Speaker: Dr. Karen Radner, Alexander von Humboldt Chair for the Ancient History of the Near and Middle East, LMU Munich
The 19th Annual Leon Levy Lecture is presented by the Institute for the Study of the Ancient World, NYU. It will be held on Monday, December 1st 2025 from 5:30pm to 8pm in the ISAW Lecture Hall. Registration for this event is required (Link Here).
Abstract:
“In the 10th century BCE, the formerly grand kingdom of Assyria consisted only of what is today northern Iraq and centered on the three cities Assur, Nineveh (modern Mosul) and Arbela (modern Erbil).
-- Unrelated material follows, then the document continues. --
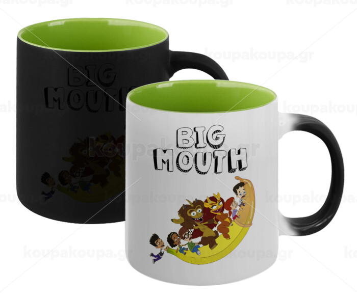 Big mouth, Κούπα Μαγική εσωτερικό πράσινο, κεραμική 330ml που αλλάζει χρώμα με το ζεστό ρόφημα

The loss of its much more extensive territories a century earlier was keenly felt by king and court, and this lecture focuses on the political discourse of that time and in the decades of conquest that followed. We analyse how that conquest was deliberately framed as the moral obligation to deliver the “tired Assyrians” from oppressive foreign rule. In doing so, we not only encounter Assyria in its widely acknowledged role as a pathfinder empire, but also as a nascent nation state. The kingdom must be seen as an early example of a political project that combines both these two elements: it is an “empire-state”, to use the term coined by distinguished NYU historians Jane Burbank and Frederick Cooper.”